É precisamente por ser tão vividamente multi-colorida a digressão percorrida em Supreme Balloon que o último disco dos Matmos escapa ao segundo plano reservado aos discos curiosos, mas inevitavelmente estagnados na falta de empatia desenvolvida. Ao embarcar por um espírito aventureiro muito Willy Fog, o balão supremo desenvolve todo o tipo de trajectos mais ou menos megalómanos no psicadelismo semeado pelas paisagens que atravessa, mais ou menos plásticos no exotismo confeccionado em laboratório de puro gozo, mas predominantemente arrogantes na inflexibilidade que os prende a sintetizadores tão assumidamente retro (ou bolorentos) como alguns Korg, Moog e Roland que alguém associaria mais imediatamente a outros tempos em que o rock progressivo era rei (Crimson). Por ser tão imprevisível o sopro do vento Matmos que move o balão, convivem paredes-meias episódios pomposos de corte real como “Les Folies Francaises” (que muito deve a Wendy Carlos da banda-sonora de Laranja Mecânica) e o épico de vinte e quatro minutos (!!) que é a faixa-homónima, uma viagem absurdamente prolongada em forma declinação de todo os casos de non-sense que se conheçam a grandes momentos históricos, como a chegada de Colombo à América, desde que filmados com escassa verosimilhança e sem grande rigor. “Supreme Balloon” podia ser a peça central de uma banda-sonora gravada pelos Tangerine Dream para um filme de soft-porno gay protagonizado por Dustin Hoffman e Warren Beaty de turbante.

Os estranhos hábitos de Supreme Balloon não se ficam por aí. Até porque a fixação sobre o sintetizador, instrumento militantemente analógico colado ao passado e, ao mesmo tempo, denunciador dos apetites fetichistas dos criadores que o celebrizaram em obscurantismo, obriga a nomear a quantidade infinita de influências que se observam reflectidas neste céu berrante: seja o nome de Raymond Scott e a forma como estilhaçava os impossíveis com as práticas experimentais mais bizarras, a presença espiritual dos Yello, que bem podem ser os antepassados suíços dos Matmos, ou o futuro adivinhado por discos de dub carregados de sintetizadores como é o caso de Interstellar Reggae Drive dos Vulcans ou Double Seven do lendário inventor Lee “Scratch” Perry.
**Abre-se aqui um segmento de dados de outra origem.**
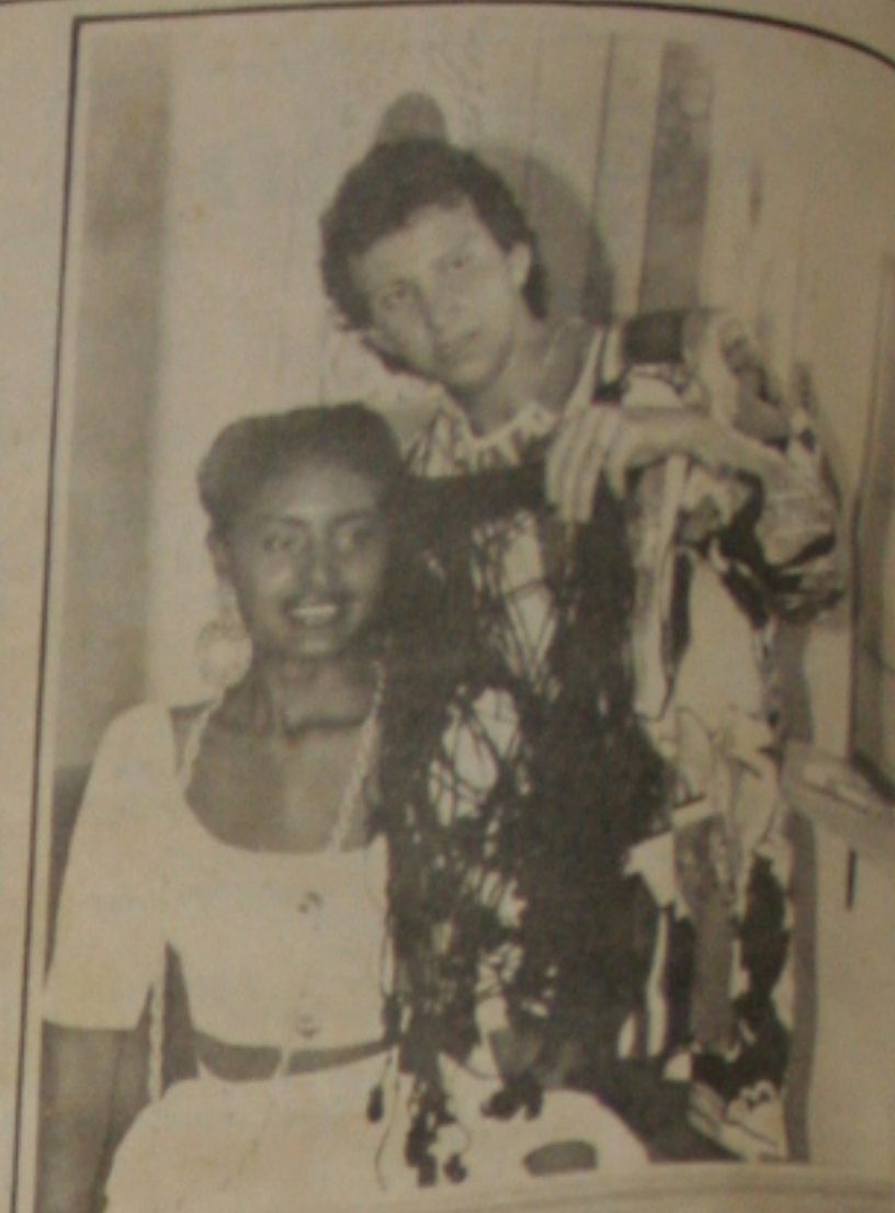
Isabel uma bonita morena sen do produzida por Marcus Rafael.

Como hoje é 31 de março, a data recorda em muita gente a Revolução de 1964. Só nos resta passar o dia com a purga atrás da orelha aguardando chegar a quarta-feira.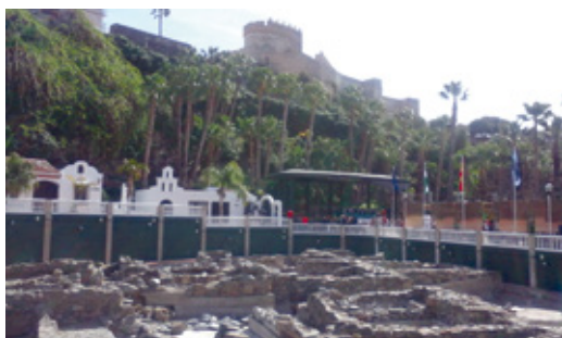
FIG. 5/ Unidad de paisaje tipo. Grupo A. Comarca de la Costa. Almuñécar: Yacimiento arqueológico fenicio. Castillo árabe. Jardín botánico del Majuelo

Es de destacar en el Grupo D, suelos urbanos comunes, intervenciones en espacios contemporáneos, la regulación de los vuelos y cuerpos volados de los edificios con el fin de evitar obstrucciones visuales en las unidades de paisaje de valor cercanas. Y las determinaciones para el diseño del espacio público que queda restringido a sólo tres modelos tradicionales: plaza, jardín y paseo-bulevar.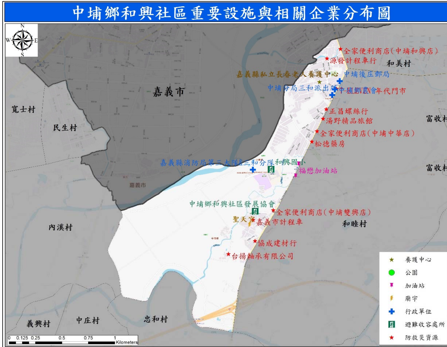
圖 4-1 和興村公共設施分布圖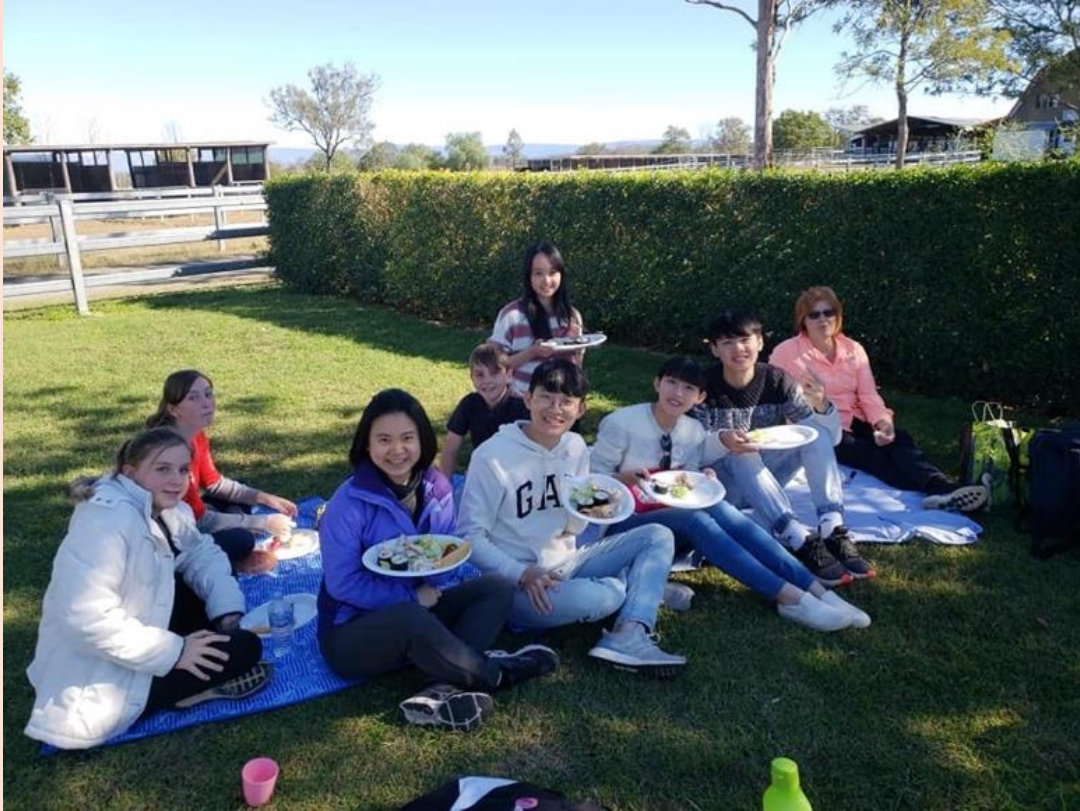
(圖一) 假日和同學的寄宿家庭一同到駱駝農場遊玩、野餐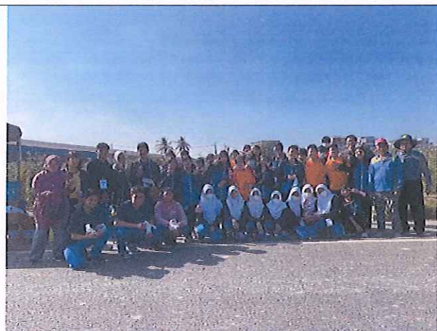
由校長帶領國樂班學生與國際生進行田野教學採蕃茄體驗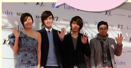
“きみはペット”監督 キム・ピョンゴン

私たち“きみはペット”チームは、美しく希望に溢れた茨城を映像に映し、韓国と日本、アジアを越え、世界に茨城の健在さを知らせることが出来るように、誠心誠意を尽くします。頑張ってください!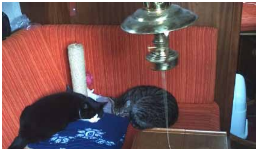
Kattoaletten syns delvis framför skottet.

För att det ska fungera bra så extrautrustar vi båten med kattoalett, klosspelare och diverse enkla kattleksaker. Klosspelaren är ett måste som sparar mycket inredning.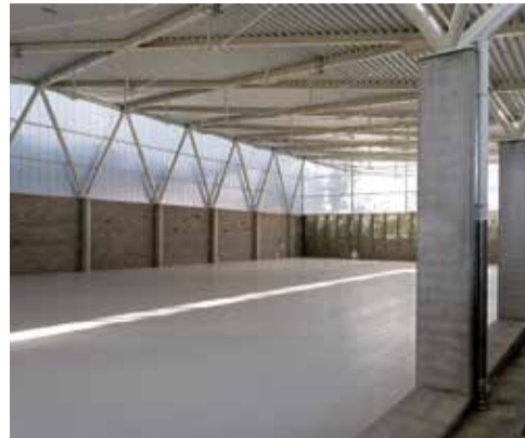
FIGUERES. Cinquena façana (pista esportiva coberta)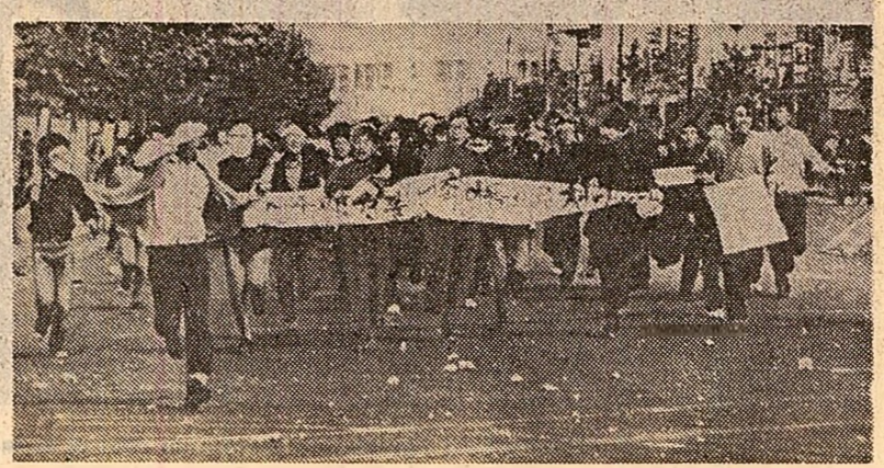
Manifestație la Seul împotriva legalizării stării excepționale de către clasa guvernamentală. Pe pancarta purtată de demonstrații scrie: „Să se sfârșească cu legalitățile și corupția săvârșite în numele națiunii”.

CAPE KENNEDY 16 (Agerpres). — Sonda spațială americană ce urmează a fi lansată la 27 februarie a.c. în direcția planetei Jupiter a fost transportată la turnul de lansare de la Cape Kennedy. În greutate de 246 kg, „Pioneer-F” este prima din sondelor americane care urmează să fie lansată spre planetele îndepărtate ale sistemului solar și să parșească chiar zona acțiunii forțelor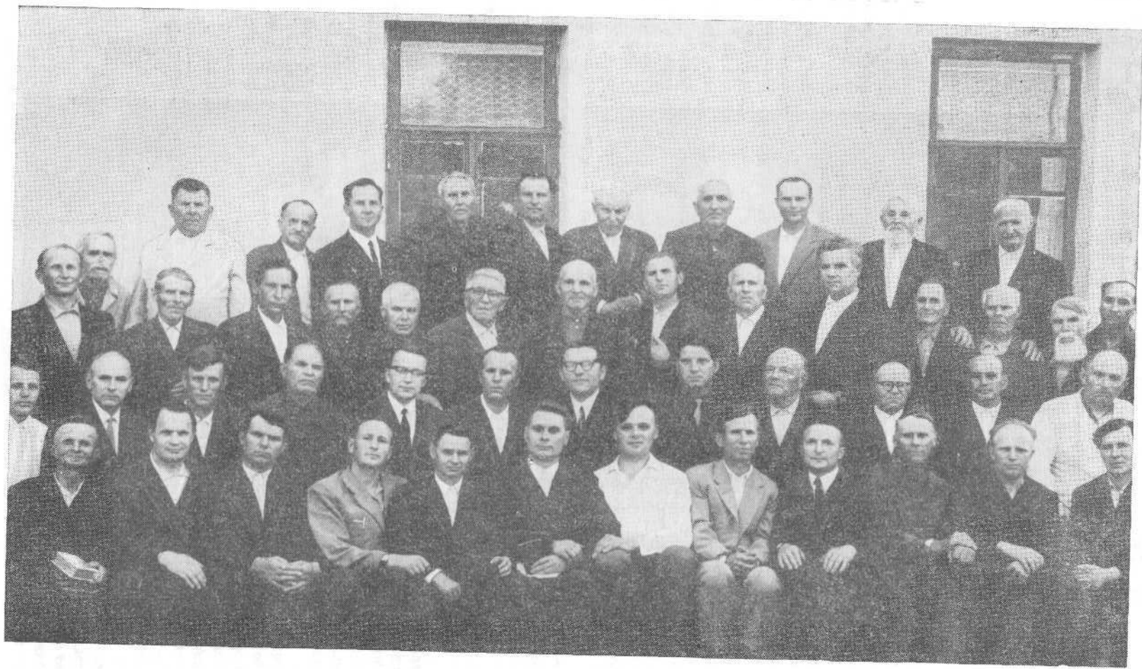
Участники Совещания представителей церквей ЕХБ Брянской области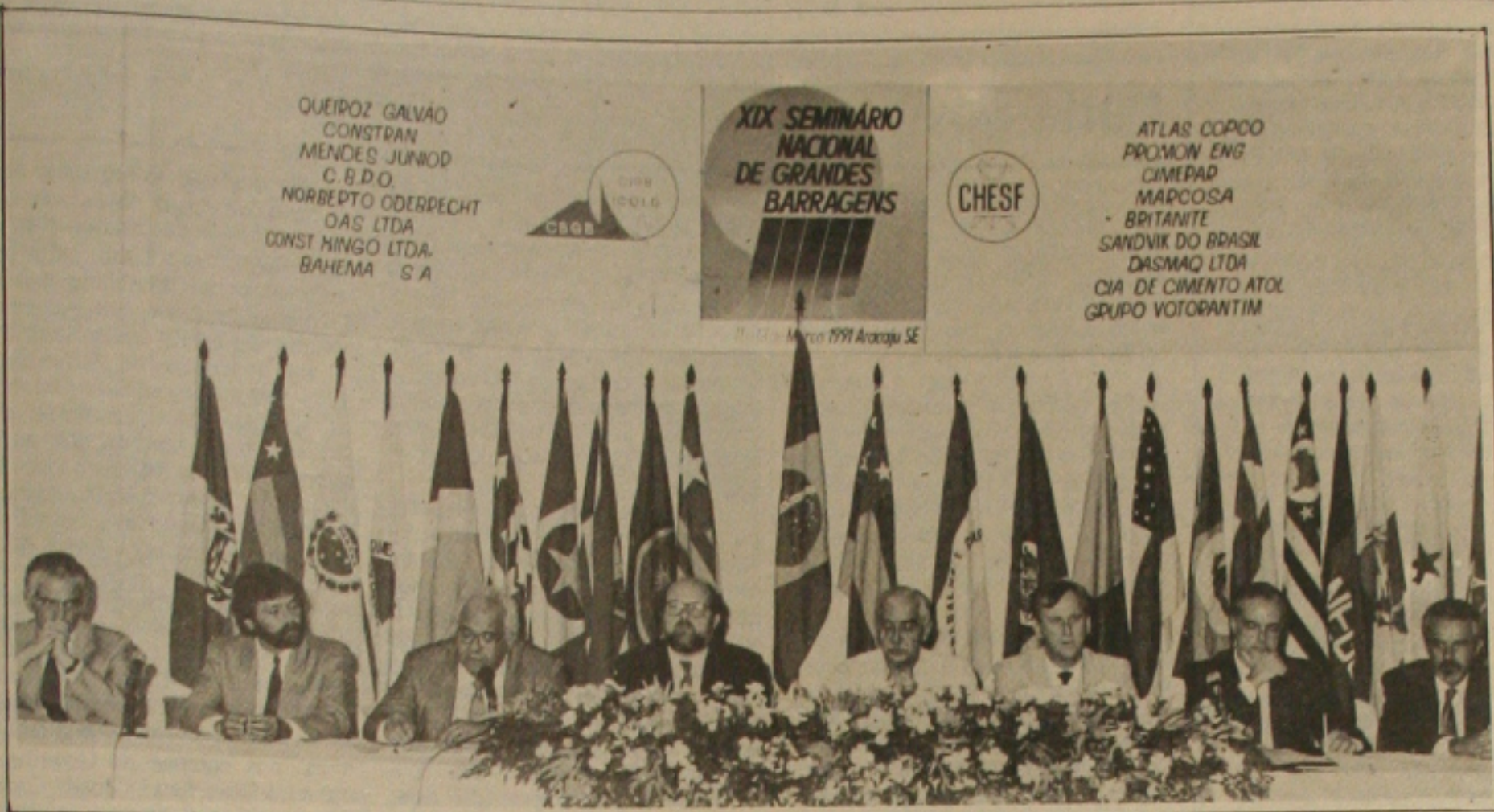
A construção da Usina de Xingó foi debatida ontem no XIX Seminário Nacional de Grandes Barragens.

Supreme Balloon é, à sua maneira idiossincrática, uma espécie de Synth’s not Dead munido do slogan “Matmos in the Sky with Diamonds”. A forma mais exacta de descrevê-lo talvez seja referindo-o como o equivalente aeronáutico da banda-sonora vincadamente marinha criada por Mark Mothersbaugh (dos Devo) para The Life Aquatic, filmado pelo adorável realizador Wes Anderson. A verdade é que Supreme Balloon é um daqueles álbuns que podia vir até camuflado com o sempre reconhecível selo amarelo da Deutsche Grammophon (catálogo tradicionalmente especializado em música clássica e artwork asqueroso) e conseguir convencer uns quantos conhecedores de que não se tratava de uma paródia. Os elucidados contam sempre com a vantagem de saber como tropeçar em estilo em mais uma rasteira pregada pelos incuráveis Matmos.